Algumas considerações sobre a Resolução CP/ANPD nº. 02, que regulamentou à aplicação da LGPD aos agentes de tratamento de pequeno porte.
Toda vez que o assunto Lei Geral de Proteção de Dados (LGPD) é tratado, uma das primeiras perguntas que é feita é sobre a aplicabilidade da lei (Lei nº. 13.709/18) às microempresas e empresas de pequeno porte.
Por diversas vezes nós já tratamos sobre esse assunto, e reforçamos a importância de que todas as empresas façam as adequações necessárias (Verifique nosso texto: https://vaneskadonato.adv.br/11-questoes-sobre-lei-geral-de-protecao-de-dados-que-vao-te-ajudar-a-comecar-a-adequar-a-sua-empresa/).
Agora, contudo, temos novidades, já que a Autoridade Nacional de Proteção de Dados (ANPD), órgão responsável pela edição de normas e orientações para as empresas, publicou, em 26 de janeiro do presente ano, a Resolução CP/ANPD nº. 02, trazendo procedimentos simplificado para os chamados agentes de tratamento de dados de pequeno porte.
Uma resolução semelhante já era há muito esperada, mas decepcionou quem esperava por grandes mudanças.
Para que você entenda exatamente tudo que mudou, o texto de hoje aborda as empresas que estão abrangidas pela Resolução, o que é tratamento de alto risco (capaz de afastar as benesses da lei), e, finalmente, quais são, afinal, os benefícios trazidos pela referida Resolução da ANPD.
Então, não deixe de acompanhar esse texto até o final.
1. Agentes de tratamento de pequeno porte para fins de LGPD.
A lei não fala em micro e pequenas empresas, mas sim em agentes de tratamento de dados de pequeno porte.
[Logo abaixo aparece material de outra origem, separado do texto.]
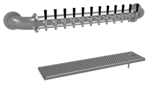 Pipe Wall Draft Dispensing Tower, wall mount, (12) stainless steel faucets (handles not included), glycol-cooled, insulated cold plate assembly, surface mount drain pan with removable perforated insert, all stainless steel construction, stainless steel finish (NOTE: Made to order, not returnable)"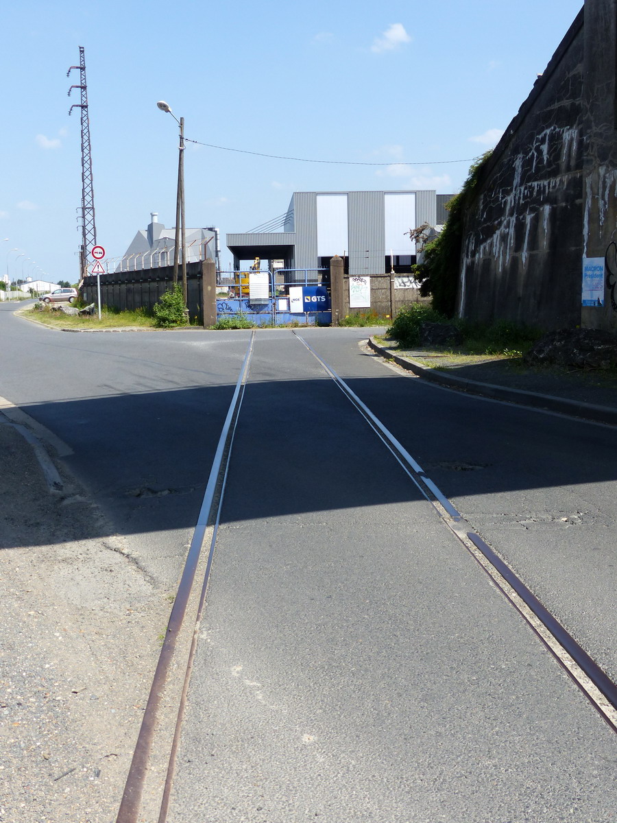 routier qui arrive à la gare de Saint Pierre des Corps puis la voie rentre dans la cour de la Socofer pour relier le réseau SNCF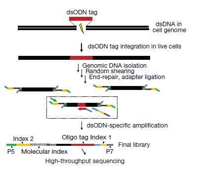 圖3. Guide-seq 的流程。摘自Tsai SQ等, GUIDE-seq enables genome-wide profiling of off-target cleavage by CRISPR-Cas nucleases. Nat Biotechnol. 2014 Dec 16.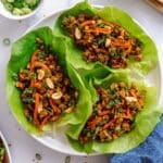 Delicious and healthy Thai Chicken Lettuce Wraps made with ground chicken, fresh vegetables, and a flavorful Thai-inspired sauce. These wraps are perfect as a light meal or appetizer, combining a savory ginger-garlic pan sauce with crunchy cashews and fresh herbs all wrapped in crisp butter lettuce leaves.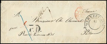 "Werneuchen", K2 1850 auf hübschem Auslands-Präge-Ziercouvert nach Paris
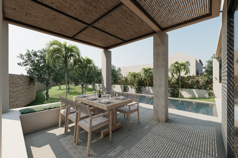 This is an amazing residence for sale in Apokoronas, Chania Crete, located in the lively village of Vamos. It has a total living space of 84 m², sitting on a 608 m² private plot. It is developed on a single level, and it consists of 2 bedrooms and 2 bathrooms. There is an open-plan kitchen with a dining area and a living room, featuring large balcony doors providing direct access to the pergola-covered area and the swimming pool. Additionally, it offers a storage room and 2 bedrooms with their own bathrooms, with one having access outside to the pergola-covered dining area. Furthermore, it has a landscaped garden, a parking area for two cars, and a private swimming pool with a sunbathing area. The property also includes a fireplace, as well as infrastructure for a boiler and central heating system, offering the option for comfortable year-round living. It is really close to all kinds of amenities such as taverns, cafes, and a mini-market in the village. It is also close to the national road, which makes both the cities of Chania and Rethymno easily accessible. 12IX2025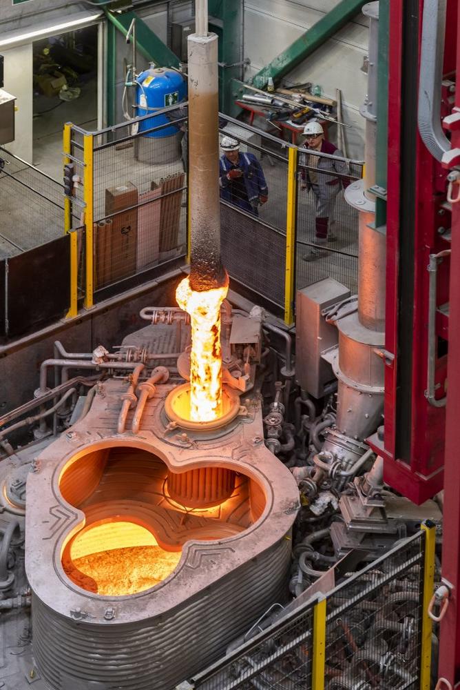 Der Pfannenofen wurde im Oxygenstahlwerk 2 von thyssenkrupp installiert und befindet sich im Produktionsprozess zwischen dem Konverter und der Strangießanlage. Das Aggregat wird im Rahmen der Sekundärmetallurgie zunächst zum Legieren und Aufheizen der Schmelze sowie zur Entschwefelung benötigt. „Wir haben mit dem Projekt Pfannenofen über diese Kernanforderungen hinaus aber noch deutlich mehr erreicht“, erläutert Thorsten Brand, Leiter der Stahlproduktion bei thyssenkrupp Steel. „Die Anlage trägt auch zur Kostenoptimierung und Steigerung der Prozesseffizienz im gesamten Stahlwerk bei. So können wir zukünftig die Kosten im Konverterbetrieb senken, indem wir höhere Schrotteinsätze ermöglichen, also den Produktionsprozess kostenorientiert flexibler machen. Da die Schmelze im Pfannenofen auf- bzw. nachgeheizt werden kann, sparen wir auch an der Feuerfestauskleidung im Konverter, weil wir die Abstichtemperatur absenken können. Aus demselben Grund sind wir in der Lage, die Nachblasquote im Konverter zu verringern. Schließlich werden wir unsere Direktabstichquote steigern können, weil es nun möglich ist, über digital vernetzte Daten die Schmelzen im Pfannenofen gezielt nachzujustieren. In Summe stellt das Projekt eine kostenoptimierte und technologische Fortentwicklung für das ganze Stahlwerk dar“, resümiert Brand.
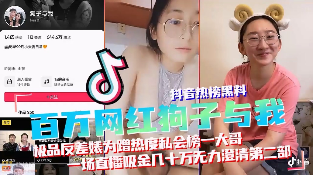抖音黑料,百万网红狗子与我真实曝光第二部!极品反差婊蹭热度出轨榜一大哥,一场直播吸金几十万厚着脸皮澄清!抖音网红【狗子与我】【黑料】【收】

Justamente por isso, é importante tecermos algumas linhas sobre esse assunto para podermos entender o conceito legal.
Vamos lá?
As microempresas e empresas de pequeno porte são consideradas agentes de tratamento de dados de pequeno porte, havendo inclusão expressa das sociedades simples, sociedades limitadas unipessoais e microempreendedores individuais (MEI).
Da mesma forma, foram incluídas as startups, desde que se enquadrem na definição do Marco Legal das Startups (Lei Complementar nº. 182, de 1º de junho de 2021), ou seja, organizações empresariais ou societárias, nascentes ou em operação recente (menos de 10 anos), cuja atuação caracteriza-se pela inovação aplicada a modelo de negócios ou a produtos ou serviços ofertados e que tiveram receita bruta máxima anual de até R$ 16.000.000,00 (dezesseis milhões de reais) no ano calendário anterior.
Nós já falamos sobre o Marco Legal das Startups e o conceito por ele trazido em outro texto, então, não deixe de conferir (https://vaneskadonato.adv.br/4-criterios-que-voce-tem-que-conhecer-sobre-o-conceito-de-startup-de-acordo-com-o-marco-legal-das-startups/).
Além disso, a Resolução inclui pessoas jurídicas de direito privado, inclusive sem fins lucrativos, bem como com pessoas naturais e entes privados que realizam tratamento de dados pessoais, assumindo obrigações típicas de controlador ou de operador.
Até aqui está fácil de compreender, não é?
A questão é que a Resolução trouxe um outro conceito, que é o tratamento de dados pessoais de alto risco. Se as empresas supramencionadas efetivarem tratamento que se enquadra dentro deste conceito, elas não poderão se beneficiar dos benefícios trazidos pela Resolução em análise.
Então, precisamos saber com exatidão o que é tratamento de alto risco.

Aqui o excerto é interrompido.